Despite the fact that classification into mushroom, thin, and stubby spines is widely used, it has numerous disadvantages and ever-increasing number of publications argue about the urgent need for more precise and unbiased clustering approaches as previously discussed by us and others20,21. In order to develop automated clustering procedure we considered two most common clustering algorithms—k-means method50 and DBSCAN (Density-Based Algorithm for Discovering Clusters)51. The k-means method seeks to minimize total intra-cluster variance of cluster points from the centers of these clusters. It allows to directly control the number of clusters into which the data is grouped by setting its adjustable parameter k—the number of clusters. The DBSCAN algorithm uses a set of points in multidimensional feature space and groups together points that are closely packed together (points with many close neighbors), marking as outliers points that lie in areas of low density (whose nearest neighbors are far away). DBSCAN’s main advantage is the ability to use various distance metrics that might be a better fit for the selected feature space, unlike k-means, that only operates using Euclidean distance. However, absence of direct control over the number of clusters and presence of “noise” points makes working with DBSCAN less intuitive and more difficult to interpret its output. In our studies DBSCAN clustering in classic feature space using Euclidian distance and DBSCAN clustering in CLDH feature space using Jensen–Shannon distance was attempted. However, in both cases very large number of clusters and outliers was generated (data not shown), making such clustering not informative.

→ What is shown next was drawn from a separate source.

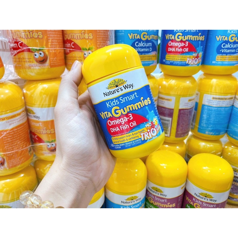 Công dụng đặc biệt của sản phẩm Nature’s Way Kids Smart Vita Gummies - Vita gummies giúp hỗ trợ bổ sung vitamin và các loại khoáng chất cho cơ thể bé một cách hiệu quả - Sản phẩm dạng kẹo dẻo, mềm, thơm tạo sự thu hút cho bé - Kẹo dẻo Nature’s Way Kids Smart Vita Gummies có vị cam, chua chua ngọt ngọt rất dễ sử dụng. - Công thức đặc biệt không gây sâu răng *Hướng dẫn sử dụng Nature’s Way Kids Smart Vita Gummies - Với loại bổ sung vitamin C và kẽm: Độ tuổi: Dùng cho bé từ 2 tuổi trở lên Liều dùng: 1 viên mỗi ngày đối với bé từ 2 đến 3 tuổi và 2 viên/1 ngày đối với trẻ trên 3 tuổi - Với loại bổ sung Calcium và vitamin D : +Trẻ từ 2 - 8 tuổi: dùng 2 viên mỗi ngày +Trẻ từ 9 - 11 tuổi: dùng 3 viên mỗi ngày. Hoặc theo hướng dẫn của chuyên gia y tế +Dùng sau ăn vào buổi sáng - Với loại Bổ Sung Vitamin Tổng Hợp Và Rau Quả +Mỗi ngày bạn chỉ nên cho bé sử dụng tối đa 1 viên đối với bé từ 2-3 tuổi. +2 viên đối với bé từ 4 tuổi trở lên là phù hợp - Với loại Phòng cảm cúm Trẻ em 2-3 tuổi: Ngày dùng 2 viên Trẻ em trên 4 tuổi ngày dùng từ 3-4 - Cho bé ăn ngon: +Đối với trẻ em từ 2 đến 3 tuổi: Mỗi ngày dùng 1 viên +Đối với trẻ em trên 4 tuổi: Mỗi ngày dùng 2 viên -omega +Trẻ từ 2 đến 3 tuổi: 1 viên/ ngày +Trẻ từ 4 tuổi trở lên: 2 viên/ ngày Sản phẩm không phải là thuốc và không có tác dụng thay thế thuốc chữa bệnh

After failure of DBSCAN approach we also implemented k-means algorithm with algorithmically determined number of clusters. Besides using the classical elbow and silhouette score52,53 we proposed the new metric called “max class divergence criteria”. This metric is based on the assumption that clustering quality is better when clusters maximally differ from each other in the abundance of mushroom/thin/stubby classes, as predefined by experts. The advantage is that such an approach is considering the particular type of clustering data. Without such information assessing clustering quality is difficult. Clustering in CLDH feature space resulted in maximum 0.34 score of max class divergence criteria for n = 5 clusters (Fig. 4a). Clusters distribution is shown in two-dimensional coordinates on Fig. 4b. The mean graphs of CLDH histograms are shown for each class of spines on Fig. 4c with the spines examples of each cluster on Fig. 4d. The similarities in the shape of spines within each cluster are obvious (Fig. 4d). The average and std. deviation of classic features quantified for each cluster are shown on Fig. S8. In classic feature space max score was 0.31 for n = 4 clusters with PCA data dimensionality reduction (Fig. S10 A) and n = 14 without PCA (Fig. S10 C). Using elbow method resulted in n = 5 using CLDH as descriptor (Fig. S9) and n = 5 and n = 7 for classic metrics with (Fig. S10 E) and without PCA (Fig. S10 G), correspondingly. Silhouette method detects n = 5 as optimal cluster number at k-means clustering using CLDH feature (Fig. S9). Other method of number of clusters determination—GAP statistics54,55 doesn`t show appropriate result with such kind of data (data not shown)54. For some clustering result using t-SNE method will be better for visualization so it is added for user choice to the code. Notably, use of 3 independent metrics yielded 5 clusters in CLDH feature space clustering task (Figs. S4 and S9). In contrast, the same metrics in classic feature space resulted in highly variable number from n = 4 to n = 14 and content of clusters for the same clustering algorithm (Fig. S10). Thus, using CLDH metric provided more robust output of clustering task in our experiments.

Figure 4
figure 4

Dendritic spines clustering in CLDH feature space using max interclass divergence criteria. (a) Clustering coefficient score as a function of the cluster number. The max value for n = 5 is labeled with red line. (b) Clustering map in two-dimensional principal components coordinates, where clusters 1 to 5 are labeled with different colors as indicated. (c,d) CLDH histograms (c) and representative examples of spines (d) are shown for each cluster 1 to 5.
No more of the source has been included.